La seconda linea di trattamento indica la terapia che il soggetto riceve nel momento in cui si registra il fallimento della strategia di prima linea, e dovrebbe essere offerta al numero più ampio possibile di pazienti. Generalmente, è indicata nei soggetti con un buon performance

status e una funzionalità d’organo adeguata. Anche in questo caso, la combinazione

farmacologica dipende dal trattamento precedentemente somministrato:

- I pazienti bevacizumab naive possono essere trattati con un antiangiogenetico.
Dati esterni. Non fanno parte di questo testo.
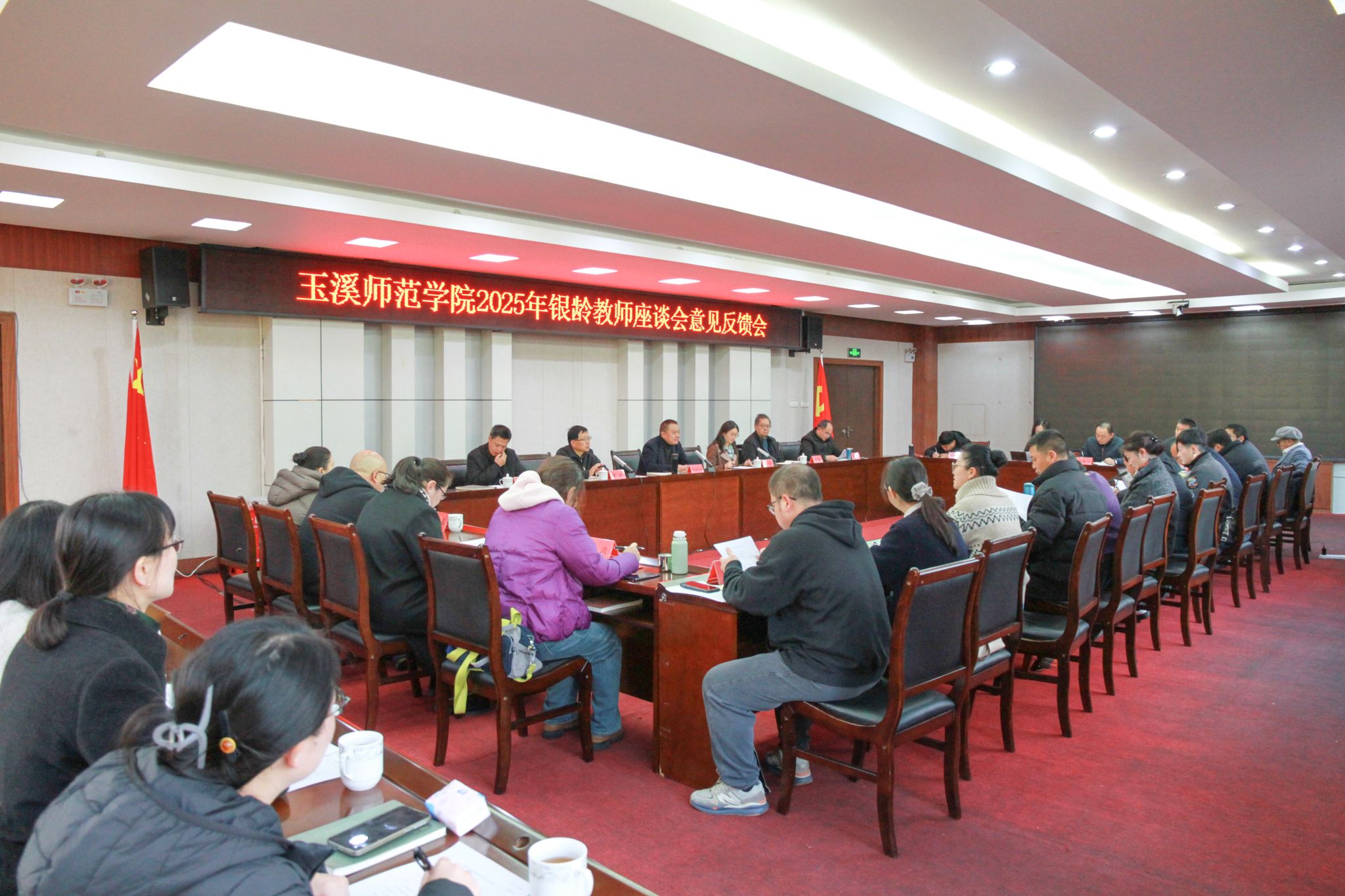 为切实落实银龄教师意见建议、凝聚银龄教师智慧、提升管理服务水平,推动学校高质量发展,12月30日,玉溪师范学院召开2025年银龄教师座谈会意见反馈会,就前期银龄教师座谈会征集到的意见建议进行集中反馈与深入探讨。校党委副书记、校长段红云出席会议并作工作部署。校党委副书记杨光,副校长章新、李明、杨伟、李涛,各学院院长及相关职能部门负责人参加会议。
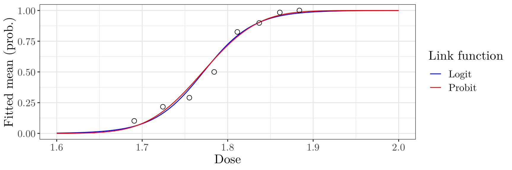 Recall that, for the Bernoulli distribution (previous lecture), \[ b(p) = \log(1 + \exp p) \] Thus, the canonical link is \[\begin{align*} \frac{d}{dp}b(p) = b'(p) &= \frac{\exp p}{1 + \exp p} \\ \mu &= \frac{\exp p}{1 + \exp p} \implies p = \log\left(\frac{\mu}{1 - \mu}\right) = \text{logit}(\mu), \end{align*}\] i.e., the canonical link function for this example is \(g(\mu) = \text{logit}(\mu)\).

L’impiego di aflibercept deve essere limitato ad una combinazione con FOLFIRI nel pazienti andati incontro a progressione con regimi a base di oxaliplatino;

- I pazienti che hanno ricevuto bevacizumab in prima linea, possono essere trattati con: bevacizumab in strategia di post-continuazione; aflibercept o ramucirumab (associato a FOLFIRI) se sottoposti anche a trattamento con oxaliplatino; anticorpi anti-EGFR in associazione a FOLFIRI/irinotecan se RAS wild-type;

- I pazienti che si mostrano rapidi progressori con i regimi di chemioterapia di prima linea a base di bevacizumab dovrebbero essere trattati con aflibercept o ramucirumab (solo in combinazione a FOLFIRI) e, se non precedentemente trattati con anticorpi anti-EGFR e RAS wild-type, con terapia a bersaglio molecolare con anticorpi anti- EGFR preferibilmente in associazione ad un citotossico.

Nella terapia di terza linea si possono impiegare i seguenti trattamenti:

- Nei pazienti RAS e BRAF wild-type non precedentemente trattati con anticorpi anti- EGFR, è possibile considerare la terapia con cetuximab e panitumumab;

- Si raccomanda l’utilizzo del regorafenib e di trifluridina/tipiracil nei pazienti pre- trattati con fluoropirimidine, oxaliplatino, irinotecan, bevacizumab, e in associazione agli anticorpi anti-EGFR nei pazienti RAS wild-type [14].